3. de gegevensanalyse

  1. Verkregen op de cytometer van de stroom met behulp van een software van de analyse van de cytometry van de stroom gegevens analyseren (zie tabel van materialen).
    1. Set de eerste poort gebaseerd op FSC-A (forward scatter-gebied) vs FSC-H (forward scatter-hoogte) aan afzonderlijke cellen te nemen en exclusief auto-belichting fluorescerende paren van analyse12. Vervolgens gate singlet-gated cellen op basis van SSC-A (kant scatter-gebied) vs FSC-A uit te sluiten van het puin van een autofluorescent.
    2. Analyseren van SSC-A vs FSC-A gated cellen voor de expressie van GFP gebaseerd op WS-A vs GFP-A. Bepaal het percentage GFP + cellen voor elke verdunning van het serum en controle monsters door een hek rond GFP + cellen.
  2. Bepaal het gemiddelde percentage van GFP + cellen voor elk serum monsterverdunning en controleputjes door het verdelen van het totale percentage aan GFP + cellen in de drievoudige putten door 3.
  3. Berekenen vouw-verbetering van infectie door te delen het gemiddelde percentage van GFP + cellen in het serummonsters voor elke verdunning gedeeld door het gemiddelde percentage van GFP + cellen in de RPMI-10 met de RVP (geen serummonster)-controleputjes.
  4. Grafiek vouw-toebehoren (y-as) versus verdunning (x-as), en het uitvoeren van statistische analyse met ANOVA gevolgd door de Tukey post hoc test voor meerdere vergelijkingen.

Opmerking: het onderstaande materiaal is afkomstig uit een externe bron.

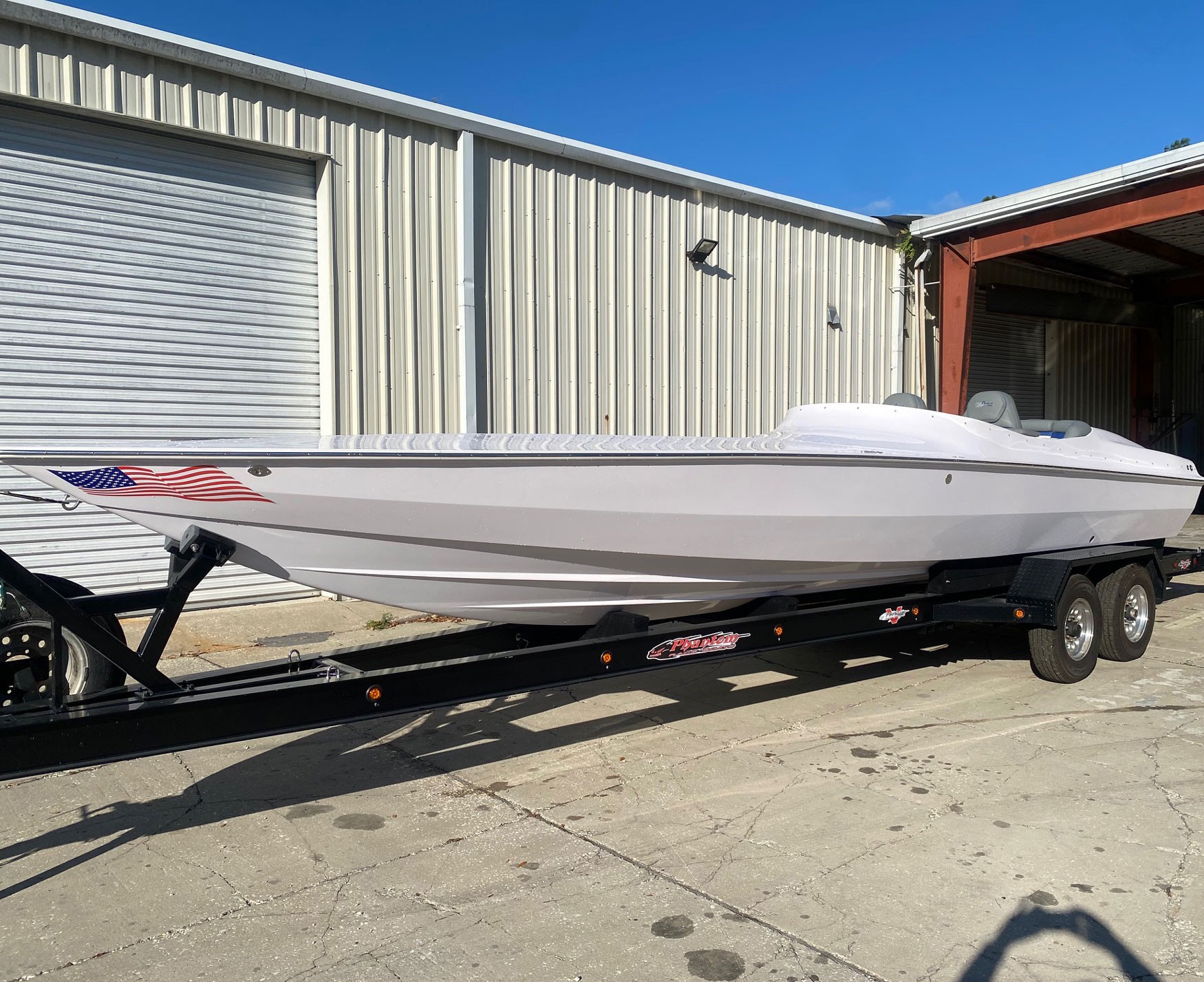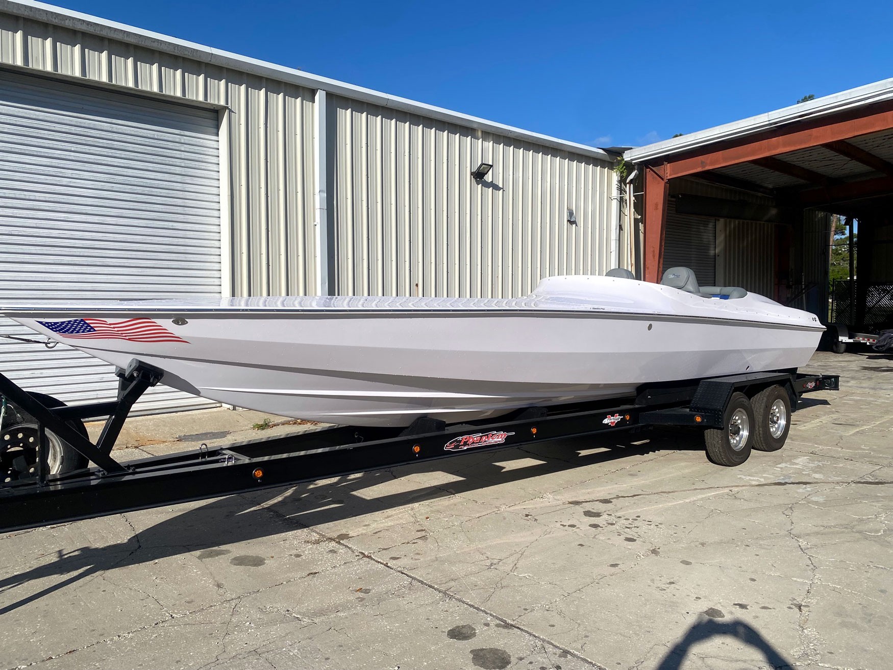 Powered by the incredible Mercury Racing 565 engine with power going through a Mercury Racing XR outdrive. This 30 Phantom I/O is engineered to deliver unparalleled speed and responsiveness, making it perfect for adrenaline-pumping adventures. Whether you're carving through waves or cruising at top speeds, this boat provides the ultimate performance experience.

Subscription Required. Please recommend JoVE to your librarian.

Representative Results

Sera van 4 rhesus makaken waren verzameld 16 weken na infectie met ZIKV en getest op hun potentieel om te verbeteren DENV-1, 2, 3 en 4 infecties in K562 cellen. De dieren had piek voorjaarsviremie van ~ 1 x 105 exemplaren ZIKV RNA/ml plasma door dag 3 na infectie die gedaald tot een niveau dat onder de limiet van detectie door 7 dagen na infectie. Geen voorjaarsviremie werd ontdekt in het plasma op 16 weken na infectie. Vervolgens de RVP assay werd uitgevoerd en de verzamelde gegevens werden geanalyseerd, zoals beschreven in het bovenstaande protocol.

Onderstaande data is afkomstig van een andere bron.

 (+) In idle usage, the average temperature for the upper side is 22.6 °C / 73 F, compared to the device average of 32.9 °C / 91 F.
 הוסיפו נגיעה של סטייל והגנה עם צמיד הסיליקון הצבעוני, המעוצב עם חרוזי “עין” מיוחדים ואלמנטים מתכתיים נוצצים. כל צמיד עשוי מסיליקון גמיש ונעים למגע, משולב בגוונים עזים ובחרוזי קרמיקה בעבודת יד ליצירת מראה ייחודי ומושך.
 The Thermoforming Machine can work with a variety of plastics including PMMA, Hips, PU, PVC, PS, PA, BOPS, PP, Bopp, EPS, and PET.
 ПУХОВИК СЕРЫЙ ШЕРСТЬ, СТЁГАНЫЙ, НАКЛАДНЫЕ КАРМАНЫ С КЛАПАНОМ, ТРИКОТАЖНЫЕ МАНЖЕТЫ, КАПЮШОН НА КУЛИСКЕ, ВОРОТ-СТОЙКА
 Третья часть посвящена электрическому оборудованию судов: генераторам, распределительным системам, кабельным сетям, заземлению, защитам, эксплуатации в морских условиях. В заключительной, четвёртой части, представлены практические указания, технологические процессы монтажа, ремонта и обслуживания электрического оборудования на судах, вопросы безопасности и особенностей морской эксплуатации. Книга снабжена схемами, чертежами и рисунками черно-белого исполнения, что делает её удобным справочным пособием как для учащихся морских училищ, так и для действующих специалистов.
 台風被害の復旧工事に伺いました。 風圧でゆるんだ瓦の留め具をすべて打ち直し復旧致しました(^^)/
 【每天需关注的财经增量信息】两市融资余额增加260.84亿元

De gating strategie gebruikt om te identificeren GFP + cellen worden weergegeven in Figuur 1. De eerste poort is ingesteld op het uitsluiten van autofluorescent paren en bevatten alleen enkele cellen op basis van FSC-A vs FSC-H. De volgende plot toont slechts cellen uit de eencellige poort; daar, een hek was getrokken op basis van SSC-A vs FSC-A uit te sluiten van het puin van een autofluorescent. Dit omheinde cellen werden vervolgens weergegeven in een derde perceel op basis van SSC-A vs FL1-A GFP + cellen worden geïdentificeerd. Cellen geïnfecteerd met RVP express GFP en het percentage GFP + cellen werd bepaald door het instellen van een hek rond deze cellen. Ongeveer 12,2% van GFP + cellen zijn in de ZIKV besmette serummonster, in vergelijking met geen GFP + cellen in de controlemonster worden opgespoord. Deze gating strategie wordt gevolgd voor elke serummonster voor verdunning en controle opgenomen in de bepaling.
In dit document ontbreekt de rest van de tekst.